I was skeptical. However, I sat writhing in pain day-after-day, week-after-week, month-after-month, .... I had no other options. Change my eating habits ... OMG how could I survive on veggies? I was hooked on pizza, hamburgers, and fried chicken. Little by little, I switched my eating habits as the pain ravaged my psyche year after year.
As I gained weight my lymph system went into overdrive causing lymphedema, which grew bags of lymph fluid and vessels similar to blood vessels that may have weighed 40 lbs on each thigh. Then the lymph fluid started seeping through the skin on my thighs forming ulcers. I ended up in the hospital for eight weeks, with an antibiotic drip for six weeks to kill a systemic infection that attacked my kidneys. They saved my left arm for dialysis, in case of kidney failure, which luckily didn't happen.
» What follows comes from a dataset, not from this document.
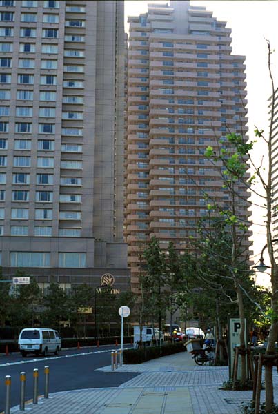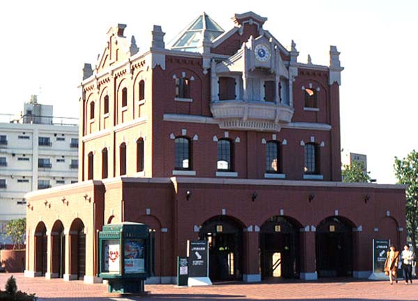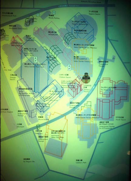 Walking down the hill from fashionable Daikanayama, coming into a crowded mid-range shopping street, under the railroad tracks, past the station, you arrive at Ebisu Garden Place. After tightly built streets, suddenly you find a suburban space in central Tokyo. The area had long housed the Ebisu brewery that made a beer named after the local area, itself named after a tribe of aborigines. The little brewery was bought out by Sapporo, a larger beer company named after the city in the far north where the Ebisu and other aborigines had been driven as the Japanese advanced up the islands. In the purchase, Sapporo acquired what was for Tokyo an immense parcel of land. Now it has been developed, in a manner familiar to Americans, as a multiuse agglomeration. The old brewery is commemorated since its bricks and European form are echoed in a folly version of the old building. The Ebisu Station Beer Garden is still there, but gone upscale. There are tall apartment towers, a Westin hotel, two sleek office buildings, a shopping mall on several levels both outside and in, many trees along the street and in the wide plaza -- itself an extravagance on what was at the time the most expensive real estate in the world, where buildings are supposed to press against the limits of their tiny lots. There is also basement parking (10 yen a minute), a Shinto shrine, and, since this is Tokyo, a French Chateau.

Just before being hospitalized, I'd been eating no meat and no animal products for about two months. The doctor stopped my high blood pressure medicine! What? I weighed almost 450 lbs. Since that time, I've not needed blood pressure meds, and my BP is about 115/69. I've lost 150+ pounds. Most important, the pain stopped about the time my BP normalized. My diabetes is easily controlled, and a recent angiogram showed no plaque in my arteries. I feel as if I will live till 90, yet about six years ago, I lay in the hospital, hoping dialysis wouldn't be necessary. Now, I think feeling may be returning to my feet; if so, it is very slow. In a decade I'll know one way or another.
My experience going vegan is not uncommon; in fact many people have experienced miracles. Moreover, eating vegan reduces CO2 release in the atmosphere, and f everyone was vegan, CO2 release would fall about 15%, about the same as everyone driving electric vehicles.
Let food be thy medicine and medicine be thy food.
~Hippocrates~
@Psmintexas Yes, and credited with the oath doctors take to do no harm.
Start by reducing/ replacing one bad food in your diet at a time.
Good job! EdEarl
I did not grow up in religion, but as a child naively thought that people who did, were bound to be good people, because they claimed to espouse an altruistic belief system, naturally how could they not be. A meeting in my teenage years with a theist teacher, who expressed the deep selfishness, narrow mindedness, snobbery and sense of exclusive entitlement, that is at the corrupt heart of religion, cured that for good.
To a lesser extent, because I sort of knew it in principle anyway. I have had a couple of conversations on here with people, who convinced me that you can hold the right convictions for the wrong reasons.